In his response to her, Muller basically ignored her warning about the torture tapes. And he gave her a very indirect answer to the question that–under the National Security Act–she should have been able to get a direct answer on, whether or not Bush had signed off on the torture.

While I do not think it appropriate for me to comment on issues that are a matter of policy, much less the nature and extent of Executive Branch policy deliberations, I think it would be fair to assume that policy as well as legal matters have been addressed within the Executive Branch.

As it turns out, Scott Muller was not acting alone when he largely blew off Harman’s concern. Document 28 of the CIA’s Vaughn Index on the torture tape destruction reveals that CIA met with the White House about its response to Harman. (There’s also a one-page draft of the letter to Harman dated February 19.) The Vaughn Index describes the second email, which has the subject “Harmon Letter,” this way:

This is a one-page email, discussing a meeting between CIA and the White House regarding the CIA’s response to a congressional inquiry. The document also includes the draft text of a letter to Congress. This document contains information relating to the sources and methods of the CIA. The document also contains predecisional, deliberative information, CIA attorney work-product, and information provided by a CIA attorney to his client in connection with the provision of legal advice.

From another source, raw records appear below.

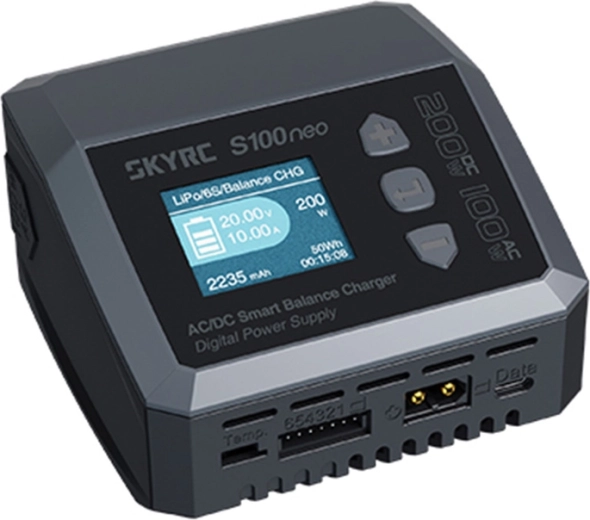 SkyRC S100neo er en smart AC/DC-oplader af ny generation til modelbyggere og teknikere, der kræver hurtig, sikker og stabil opladning. Den tilbyder 100 W fra AC og op til 200 W fra DC, præcis balancering op til 1000 mA og intuitiv betjening på en klar farveskærm. Et robust kabinet af PC‑ABS V0 sikrer lang levetid selv ved intensiv brug.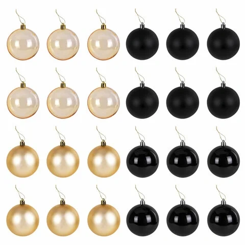 Набор елочных шаров Золотая Сказка Eden Colors 50мм, золотистый/черный, 24шт, пластик
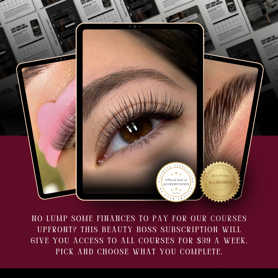 No lump some finances to pay for our courses upfront? This beauty boss subscription will give you access to all courses for $39 a week. Pick and choose what you complete.

Thus, even though Harman’s letter and Muller’s response have been declassified, the CIA is claiming that we can’t know what Muller advised (himself? Bush? Tenet? Precisely who is the CIA General Counsel’s client, here?) about how to respond to Harman’s inquiry.

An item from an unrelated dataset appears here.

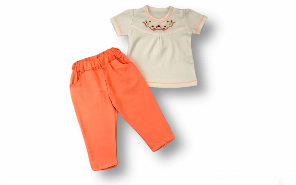 3-6 6-9 9-12 12-18 Ay Anadolu Çiçeği Nakışlı Kısa Kollu Sweatli 2li Kız Bebek Takımı Turuncu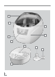 FIGYELEM EGY PILLANATRA ___________________________ Kezelő elemek és tartozékok Milyen tárgyakat szabad tisztítani? Lásd ehhez a 2. oldal ábráját. A Átlátszó fedél Szemüvegek B Nemesacél víztartály (550 ml) C Hálózati kábel D Be-kikapcsoló gomb E Üzem kijelző F Készülékház Tartozékok G Kivehető tartó H Óra tartó I CD tartó J CD távtartó 8 MAGYAR A szemüvegeket mindig az üvegüket felfelé fordítva tegye a kivehető G tartóba.

So we know that the White House weighed in on how to respond to Harman. We’re just not allowed to know how they weighed in.

The CIA Asked to Destroy Torture Tapes on Same Day They Claimed They Didn’t Torture

As William Ockham has noted, there is a new–very informative–Vaughn Index and Declaration out. I’ll have much more to say about these. But for now, look at what documents 3 and 4 from the Vaughn Index tell us about the timing of the torture tape destruction.

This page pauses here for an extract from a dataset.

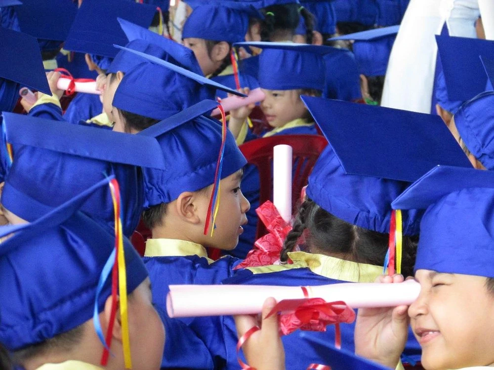 Học sinh mẫu giáo trong ngày lễ tốt nghiệp. Ảnh: NN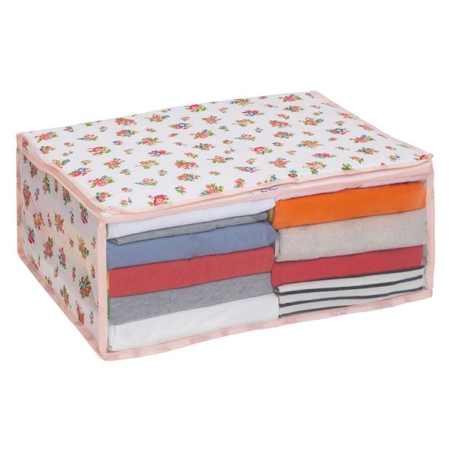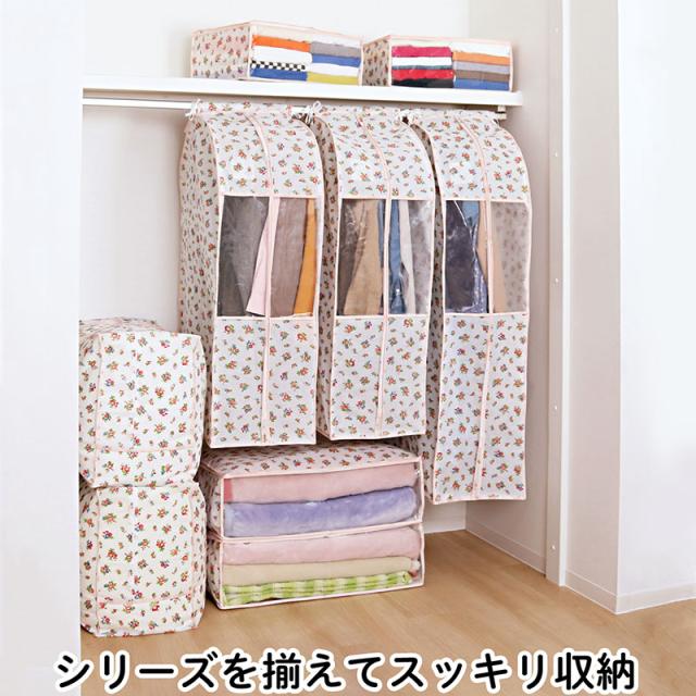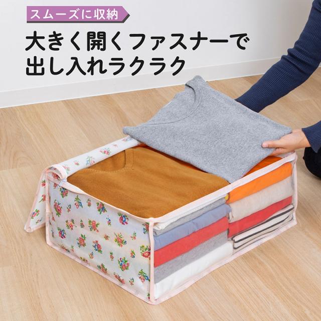 可愛い花柄収納シリーズで楽しく収納♪ 通気性のある不織布製で湿気やホコリから大切な寝具を守ります 上部ファスナー式で大きく開き出し入れカンタン! 毛布以外にも薄手の布団などの収納にも最適です◎

November 1, 2005: Bill Frist briefed on torture.

November 1, 2005: Dana Priest reveals the use of black sites in Europe. In response, CIA starts moving detainees from the countries in question.

November 3, 2005: Leonie Brinkema inquires whether govt has video or audio tapes of interrogations. CIA IG Report on Manadel al-Janabi’s death completed.

November 4, 2005: Member of Congress writes four page letter to CIA IG.

November 8, 2005: CIA requests permission to destroy torture tapes. CIA reaffirms March 2005 statement that all interrogation methods are lawful. Duncan Hunter briefed on torture. Pete Hoekstra briefed on torture.

November 9, 2005: CIA confirms destruction of torture tapes.  Doug Jehl article on spring 2004 CIA IG report on interrogation methods appears.

November 14, 2005: Govt tells Brinkema it has no audio or video tapes.

That is, the CIA requested to destroy the torture tapes in email on November 8, 2005. They confirmed the destruction on November 9. Not surprisingly, after Leonie Brinkema had asked about videotapes. But also right in the middle of debates about McCain’s Detainee Treatment Act. And note that briefing for Crazy Pete Hoekstra–but not the other Dems in Intelligence Committee leadership–on the same day that CIA started asking to destroy the torture tapes.